= Mike Richmond (speed skater) =

Australian speed skater

Michael Richmond (born in Adelaide, South Australia) is a former ice speed skater from Australia, who represented his native country in three consecutive Winter Olympics, starting in 1980 in Lake Placid, United States.

At the 1980 Olympics, Richmond competed in the 500 m, 1,000 m and 1,500 m events. He came 32nd, 32nd and 34th out of 36, 35 and 37 entrants. In 1984, he came 22nd, 34th and 27th out of 42, 40 and 43 entries. In 1988 he continued to improve and finished 23rd, 12th and 14th out of 36, 39 and 36 entries. He was only the second Australian to place in the top half of the field in a speed skating event.
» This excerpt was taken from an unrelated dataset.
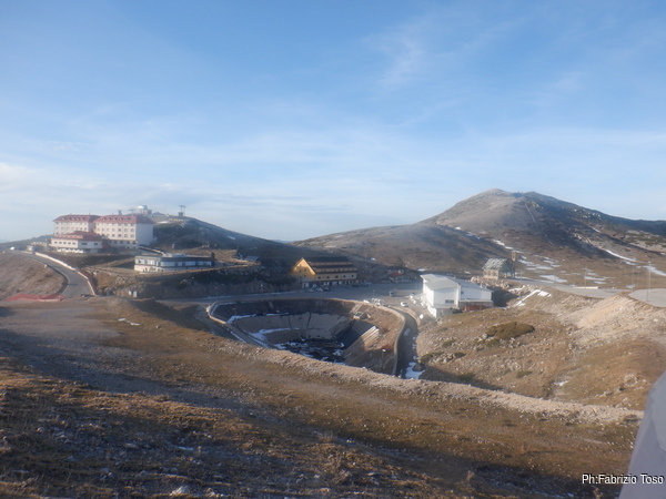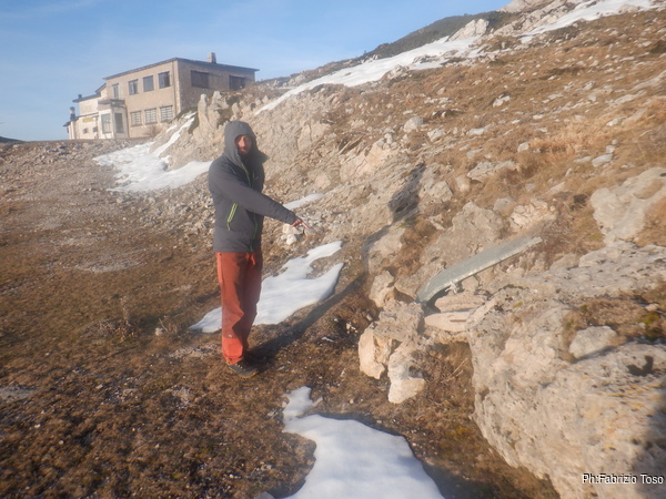 Fatta la ricognizione del posto mi sistemo e inizio a scavare col trapano demolitore. Lo faccio per pochi minuti perche’ all’improvviso il trapano smette di funzionare. Chiamo Luca per sapere la risposta e’ che fuori fa freddo ed e’ ora di tornare alle auto, quindi il generatore e’ stato spento.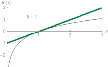 به عبارت دیگر برابر است با سطح میان محور xها و نمودار تابع از ۱ = x تا (شکل مقابل). این مطلب، از نتایج قضیهٔ اساسی حسابان و اینکه مشتق ، است، میباشد. عبارت سمت راست این رابطه را میتوان به عنوان تعریفی برای لگاریتم طبیعی در نظر گرفت. فرمولهای ضرب و توان لگاریتمی را میتوان از این تعریف نتیجه گرفت.[37] برای نمونه را میتوان به صورت زیر نتیجه گرفت:

Richmond started as an allround skater but focussed mainly on the short distances later in his career. He has held the Australian national records on the 500, 1,000 and 1,500 meters for over 20 years before Richard Goerlitz broke them in 2004/2005.
Richmond started Ice Racing in the Short Track discipline, where he was Australian Champion 10 years running and held 2 World Records in the 500m and 1000m events in 1981.

Mike Richmond is now a physiotherapist. He also owns a gym called Fit Life Health and Fitness centre, which recently won South Australian fitness centre of the year.